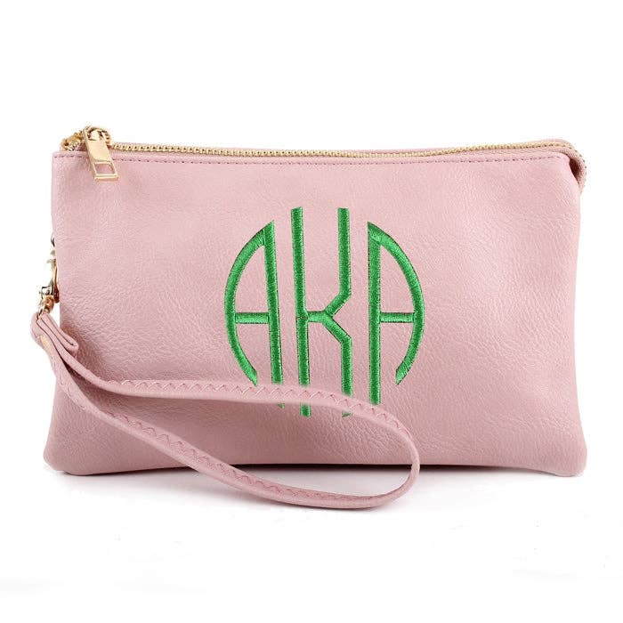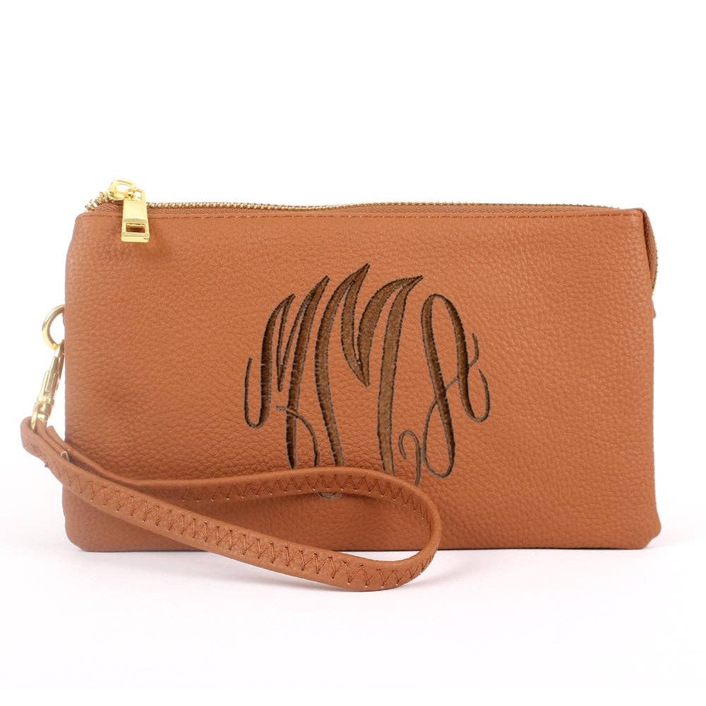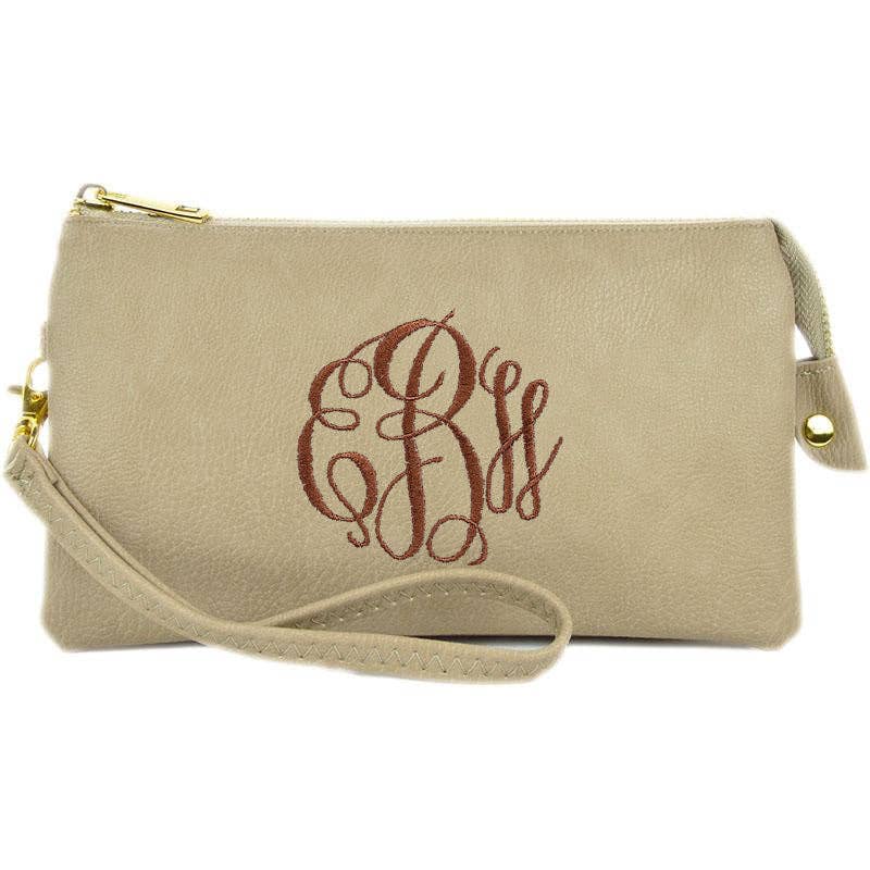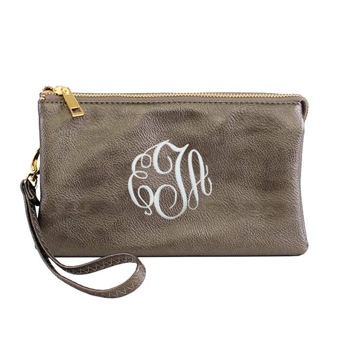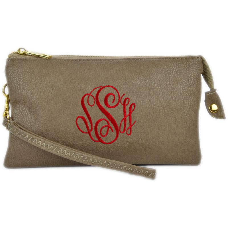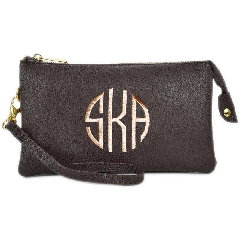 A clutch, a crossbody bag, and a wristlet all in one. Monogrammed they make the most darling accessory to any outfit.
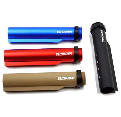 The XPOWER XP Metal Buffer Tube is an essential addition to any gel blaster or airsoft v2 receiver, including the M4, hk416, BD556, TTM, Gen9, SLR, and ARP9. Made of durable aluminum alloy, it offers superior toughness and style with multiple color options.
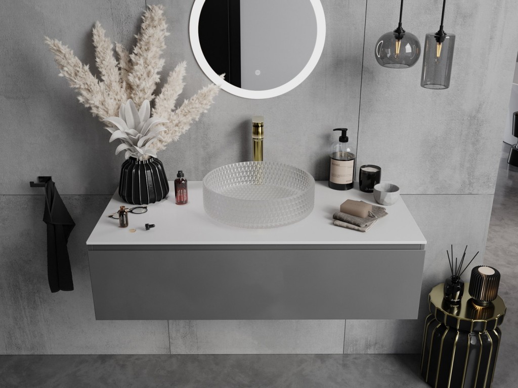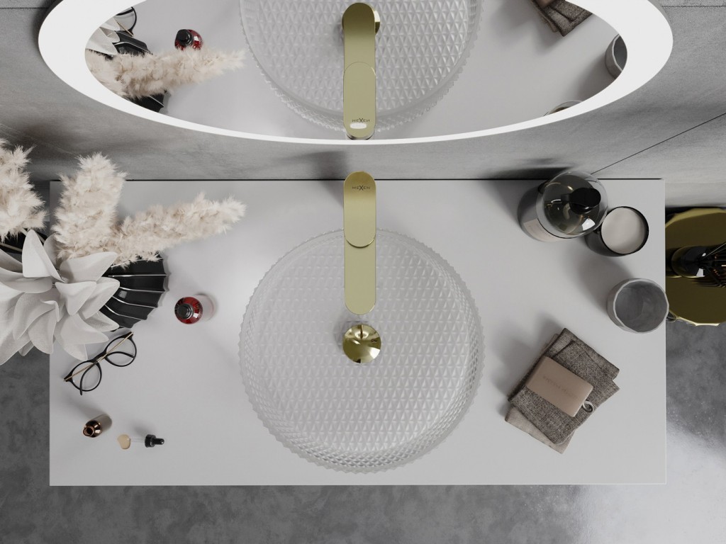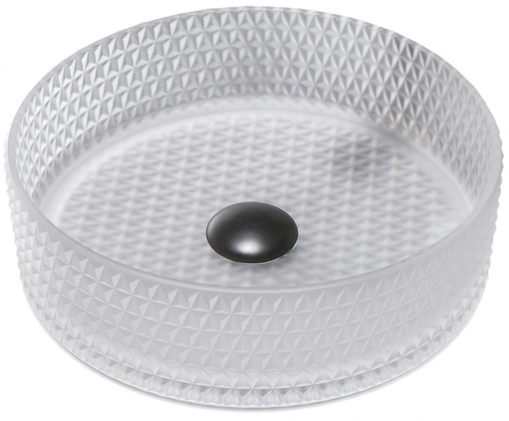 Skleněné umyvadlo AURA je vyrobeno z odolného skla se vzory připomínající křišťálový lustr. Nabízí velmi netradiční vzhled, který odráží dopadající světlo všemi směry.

* AIM OF THE TASK *
All the lines above need to be repeated exactly, with no pictures carried over.

* WRITTEN ANSWER *
 A clutch, a crossbody bag, and a wristlet all in one. Monogrammed they make the most darling accessory to any outfit.
 The XPOWER XP Metal Buffer Tube is an essential addition to any gel blaster or airsoft v2 receiver, including the M4, hk416, BD556, TTM, Gen9, SLR, and ARP9. Made of durable aluminum alloy, it offers superior toughness and style with multiple color options.
 Skleněné umyvadlo AURA je vyrobeno z odolného skla se vzory připomínající křišťálový lustr. Nabízí velmi netradiční vzhled, který odráží dopadající světlo všemi směry.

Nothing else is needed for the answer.